DATASET EXTRACT below:

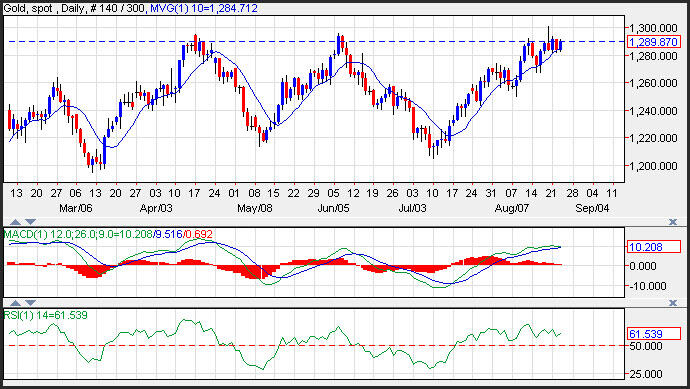 Gold prices moved higher testing resistance as Eurozone inflation appears to be on the mend. Prices tested the 1,292 level and are poised to test the August highs near 1,300. Support on the yellow metal is seen near the 10-day moving average at 1,284. Positive momentum is decelerating as the MACD (moving average convergence divergence) index is poised to generate a sell signal which the MACD histogram is printing in the red with a downward sloping trajectory which points to lower prices.
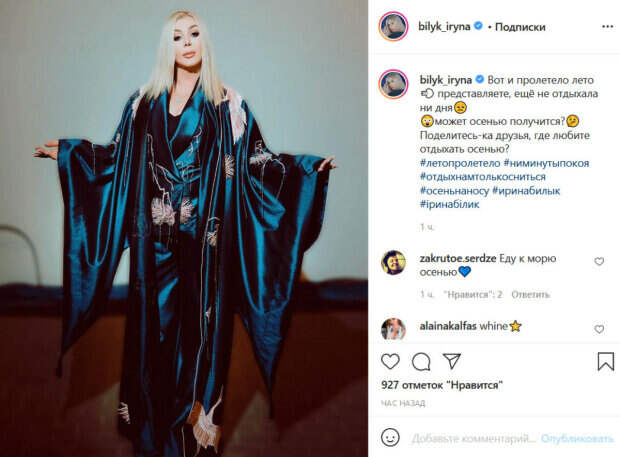 Также Билык признавалась, что этим летом не летала никуда отдыхать из-за постоянной работы. Как пишет Politeka.net, в новом посте на своей странице в Инстаграм певица поделилась своими сожалениями о прошедшем лете. «Вот и пролетело лето. Представляете, ещё не отдыхала ни дня. Может осенью получится? Поделитесь-ка друзья, где любите отдыхать осенью?», - написала Билык. Она также поделилась снимком, на котором показала поближе один из своих концертных образов. Певица была одета в темно-синий наряд, напоминающий японское кимоно. На нем были вышиты бледно-розовые журавли, что добавляло образу звезды необычной изюминки. Поклонники Билык тут же принялись комментировать публикацию. «Невероятная красавица очень красивые длинные белые волосы круто крутая блондинка», «Как можно работать все лето, не отдыхая», «Очень красивая и талантливая Женщина!», «Ира, Вы как всегда на высоте», - пишут люди. Напомним, Ирина Билык рассказала, как ее песни оказались у экс-мужа Пугачевой Киркорова. Как сообщала Politeka, Билык со слезами на глазах сделала печальное признание после нового развода. Также Politeka писала, что Билык в кожаных ботфортах устроила настоящую жару на сцене, эффектные кадры.
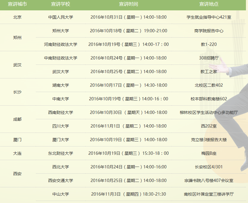 (二)非廣州高校畢業(yè)生如錯(cuò)過當(dāng)?shù)氐男@宣講會(huì),須到廣州參加筆試面試,請(qǐng)留意宣講會(huì)行程。
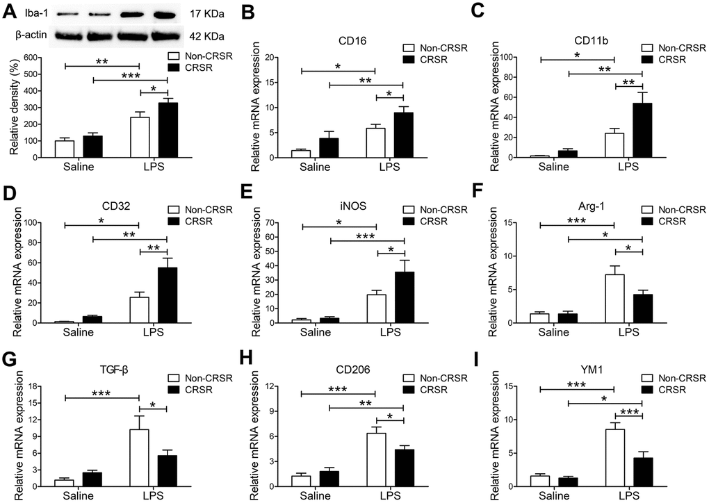 LPS-induced systemic inflammation activates microglia and promotes their polarization toward the M1 phenotype [30]. The microglia marker ionized calcium-binding adapter molecule 1 (Iba1) is expressed at all microglia activation stages, and its expression increases as activation progresses [31]. CRSR increased hippocampal Iba1 expression (CRSR: F1,20 = 5.280, P = 0.0325; LPS: F1,20 = 46.12, P < 0.0001; interaction (CRSR × LPS): F1,20 = 1.303, P = 0.2672) compared to the non-CRSR group in LPS-treated mice, but not in saline-treated mice (Figure 3A). Moreover, CRSR increased levels of the microglial M1 markers CD16 (CRSR: F1,20 = 7.132, P = 0.0147; LPS: F1,20 = 21.41, P = 0.0002; interaction (CRSR × LPS): F1,20 = 0.1226, P = 0.7299), CD11b (CRSR: F1,20 = 8.205, P = 0.0096; LPS: F1,20 = 32.91, P < 0.0001; interaction (CRSR × LPS): F1,20 = 4.186, P = 0.0546), CD32 (CRSR: F1,20 = 9.851, P = 0.0052; LPS: F1,20 = 43.74, P < 0.0001; interaction (CRSR × LPS): F1,20 = 4.925, P = 0.0382), and iNOS (CRSR: F1,20 = 3.594, P = 0.0725; LPS: F1,20 = 31.05, P < 0.0001; interaction (CRSR × LPS): F1,20 = 2.712, P = 0.1152), but decreased levels of the microglial M2 markers Arg-1 (CRSR: F1,20 = 3.691, P = 0.0691; LPS: F1,20 = 31.54, P < 0.0001; interaction (CRSR × LPS): F1,20 = 3.609, P = 0.0720), TGF-β (CRSR: F1,20 = 1.524, P = 0.2313; LPS: F1,20 = 20.08, P = 0.0002; interaction (CRSR × LPS): F1,20 = 4.848, P = 0.0396), CD206 (CRSR: F1,20 = 1.736, P = 0.2026; LPS: F1,20 = 52.79, P < 0.0001; interaction (CRSR × LPS): F1,20 = 5.614, P = 0.0280), and YM1 (CRSR: F1,20 = 10.04, P = 0.0048; LPS: F1,20 = 47.37, P < 0.0001; interaction (CRSR × LPS): F1,20 = 7.482, P = 0.0127) compared to the non-CRSR group in LPS-treated mice, but not in saline-treated mice (Figure 3B–3I).

End of DATASET EXTRACT.

In your transcription of the listing above, match each line exactly and include no pictures.

 Gold prices moved higher testing resistance as Eurozone inflation appears to be on the mend. Prices tested the 1,292 level and are poised to test the August highs near 1,300. Support on the yellow metal is seen near the 10-day moving average at 1,284. Positive momentum is decelerating as the MACD (moving average convergence divergence) index is poised to generate a sell signal which the MACD histogram is printing in the red with a downward sloping trajectory which points to lower prices.
 Также Билык признавалась, что этим летом не летала никуда отдыхать из-за постоянной работы. Как пишет Politeka.net, в новом посте на своей странице в Инстаграм певица поделилась своими сожалениями о прошедшем лете. «Вот и пролетело лето. Представляете, ещё не отдыхала ни дня. Может осенью получится? Поделитесь-ка друзья, где любите отдыхать осенью?», - написала Билык. Она также поделилась снимком, на котором показала поближе один из своих концертных образов. Певица была одета в темно-синий наряд, напоминающий японское кимоно. На нем были вышиты бледно-розовые журавли, что добавляло образу звезды необычной изюминки. Поклонники Билык тут же принялись комментировать публикацию. «Невероятная красавица очень красивые длинные белые волосы круто крутая блондинка», «Как можно работать все лето, не отдыхая», «Очень красивая и талантливая Женщина!», «Ира, Вы как всегда на высоте», - пишут люди. Напомним, Ирина Билык рассказала, как ее песни оказались у экс-мужа Пугачевой Киркорова. Как сообщала Politeka, Билык со слезами на глазах сделала печальное признание после нового развода. Также Politeka писала, что Билык в кожаных ботфортах устроила настоящую жару на сцене, эффектные кадры.
 (二)非廣州高校畢業(yè)生如錯(cuò)過當(dāng)?shù)氐男@宣講會(huì),須到廣州參加筆試面試,請(qǐng)留意宣講會(huì)行程。
 LPS-induced systemic inflammation activates microglia and promotes their polarization toward the M1 phenotype [30]. The microglia marker ionized calcium-binding adapter molecule 1 (Iba1) is expressed at all microglia activation stages, and its expression increases as activation progresses [31]. CRSR increased hippocampal Iba1 expression (CRSR: F1,20 = 5.280, P = 0.0325; LPS: F1,20 = 46.12, P < 0.0001; interaction (CRSR × LPS): F1,20 = 1.303, P = 0.2672) compared to the non-CRSR group in LPS-treated mice, but not in saline-treated mice (Figure 3A). Moreover, CRSR increased levels of the microglial M1 markers CD16 (CRSR: F1,20 = 7.132, P = 0.0147; LPS: F1,20 = 21.41, P = 0.0002; interaction (CRSR × LPS): F1,20 = 0.1226, P = 0.7299), CD11b (CRSR: F1,20 = 8.205, P = 0.0096; LPS: F1,20 = 32.91, P < 0.0001; interaction (CRSR × LPS): F1,20 = 4.186, P = 0.0546), CD32 (CRSR: F1,20 = 9.851, P = 0.0052; LPS: F1,20 = 43.74, P < 0.0001; interaction (CRSR × LPS): F1,20 = 4.925, P = 0.0382), and iNOS (CRSR: F1,20 = 3.594, P = 0.0725; LPS: F1,20 = 31.05, P < 0.0001; interaction (CRSR × LPS): F1,20 = 2.712, P = 0.1152), but decreased levels of the microglial M2 markers Arg-1 (CRSR: F1,20 = 3.691, P = 0.0691; LPS: F1,20 = 31.54, P < 0.0001; interaction (CRSR × LPS): F1,20 = 3.609, P = 0.0720), TGF-β (CRSR: F1,20 = 1.524, P = 0.2313; LPS: F1,20 = 20.08, P = 0.0002; interaction (CRSR × LPS): F1,20 = 4.848, P = 0.0396), CD206 (CRSR: F1,20 = 1.736, P = 0.2026; LPS: F1,20 = 52.79, P < 0.0001; interaction (CRSR × LPS): F1,20 = 5.614, P = 0.0280), and YM1 (CRSR: F1,20 = 10.04, P = 0.0048; LPS: F1,20 = 47.37, P < 0.0001; interaction (CRSR × LPS): F1,20 = 7.482, P = 0.0127) compared to the non-CRSR group in LPS-treated mice, but not in saline-treated mice (Figure 3B–3I).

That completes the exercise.